A few things stand out (spoilers of course) - the Chairman of Deutsche Bank had an armoured convoy with two vehicles with bodyguards. It makes sense seeing that someone was trying to kill him, but outside of that context it seems a lot. Most European politicians, including heads of state and government, have less today.

Second, he bled to death. I wonder what circumstances led to this, was the car too badly mangled and nobody could come to his aid? It's not something that happens instantaneously, i think, so there's some time to react. But maybe the blood loss couldn't be stopped ( severed legs, is there something that could be done? Would a tourniquet help?). No idea

saberdancer
It does say his legs were severed. So probably massive bleeding immediately and with the damage to the car, there was no chance to save him.
this_steve_j
The explosive device contained approximately 22 pounds of TNT, and detonated 3 feet away from the right rear passenger door.
fsckboy
a small point, but wikipedia says "The 7 kg bomb was hidden in a bag" which would be 15 lbs.
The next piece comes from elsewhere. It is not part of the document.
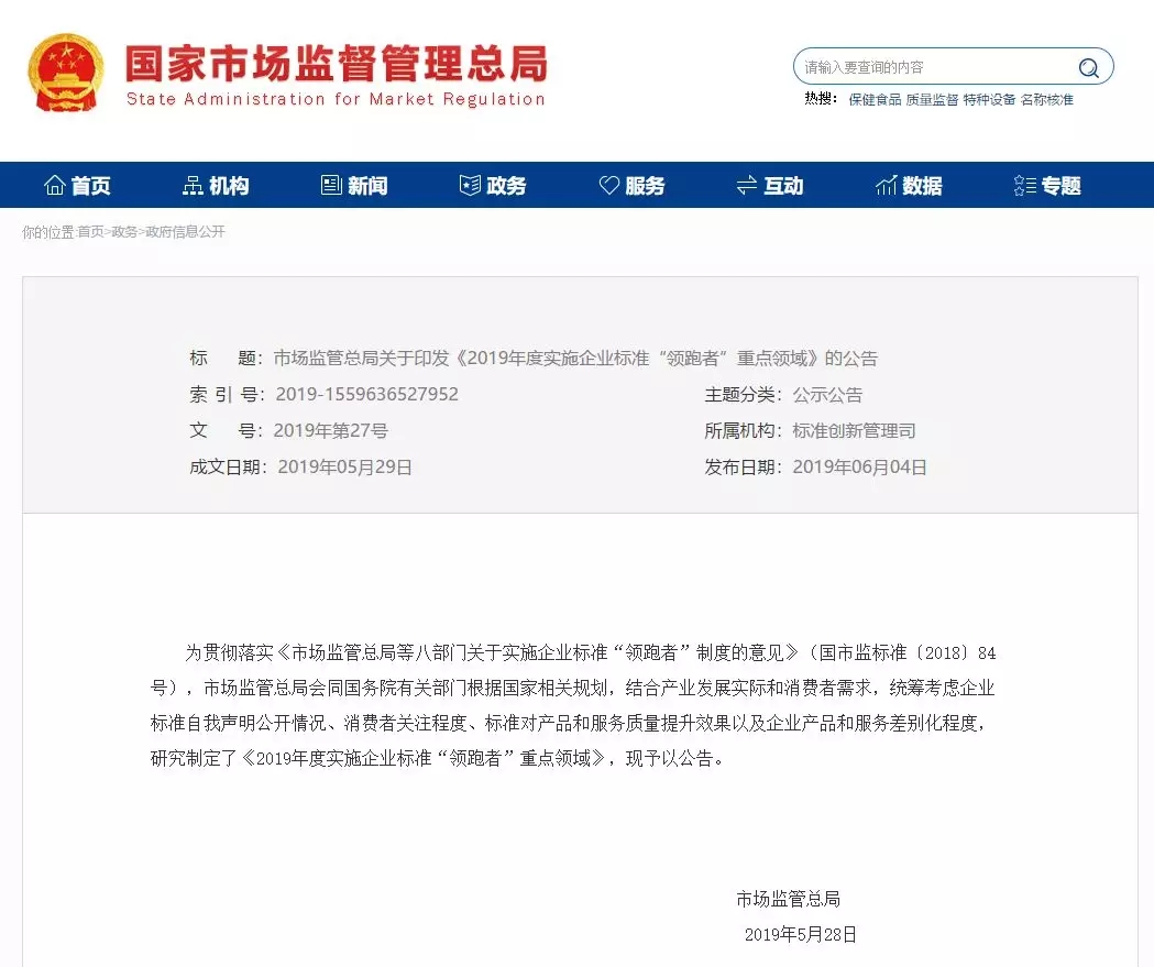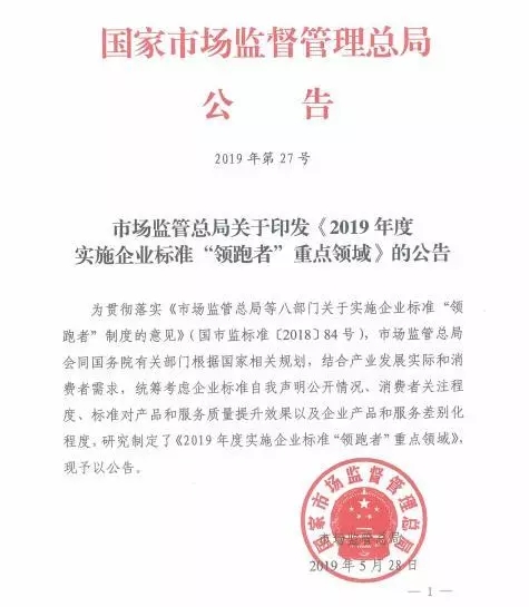2019年5月28日,市场监管总局关于印发《2019年度实施企业标准“领跑者”重点领域》的公告。其目的,主要是为了贯彻落实《市场监管总局等八部门关于实施企业标准“领跑者”制度的意见》(国市监标准〔2018】84号)——通过高水平标准引领,增加中高端产品和服务有效供给,支撑高质量发展的系列鼓励性政策。
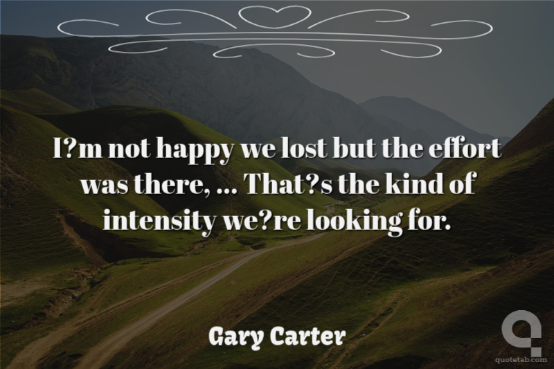 I?m not happy we lost but the effort was there, ... That?s the kind of intensity we?re looking for.

https://en.wikipedia.org/wiki/Alfred_Herrhausen#Assassinatio...

spiffistan
Also rather interesting that Vladimir Putin is thought to have been involved as the RAF handler, if those sources are veritable.
brazzy
> if those sources are veritable.

Those sources are pretty shit, honestly. One says the Red Army Faction claimed responsibility (this is not disputed). The other cites an (unnamed) "former Red Army Faction" claiming they had meetings with Putin, but makes no connection with the Herrhausen assassination.

zeristor
Also I heard on a History podcast, but can’t yet find any supporting evidence, that the Soviet Union funded the anti-nuclear power movement in West Germany leading to a dependence on Russian Gas.

Like I said if this is credible there should be some evidence, but I’d conjecture that perhaps Putin could have been part of that too

I’d have thought people would be crowing about that if it was the case.

Arnt
Extremely implausible.

The anti-nuclear movement wasn't driven by money. Still isn't. The organisations that wanted nuclear power used money, the ones against used people's time.

https://www.sueddeutsche.de/image/sz.1.3984639/1408x792

>1% of the population attended that demonstration, and demonstrations that big matter. But they're not a matter of payment. People weren't paid to go there, they didn't even have their travel costs reimbursed: You can't reimburse 100k people and hope to keep that secret. You can't even reimburse the ~5k organisers.

londons_explore
Even now, talking about it would lead to a quicker swing back to nuclear power hurting russia's interests.
dividedbyzero
Germany is already well on its way to try out renewables in earnest, so the anti-nuclear camp's arguments seem to have convinced a majority of the voters and environmentalists, socialists, conservatives all pushed this when in power. The arguments backing this wouldn't change, so I don't think such a revelation would have a big impact on German energy policy. Besides, the pro-nuclear camp has always had very deep pockets, so I guess whatever funds the Soviet Union/Russia might have provided would have at best/worst only leveled the playing field somewhat. Disclosing this might end some careers, though.
sofixa
In a similar vein, albeit with less geopolitics, Big Oil companies funded various environmental groups' anti-nuclear stances and protests, in order to solidify their grip on the energy market.
conradev
You have about three minutes for an arterial bleed. Perhaps less for two arterial bleeds. The proper technique would indeed to be tourniquet the legs, which you can do with anything (like strips of cloth) as long as you can make it tight enough.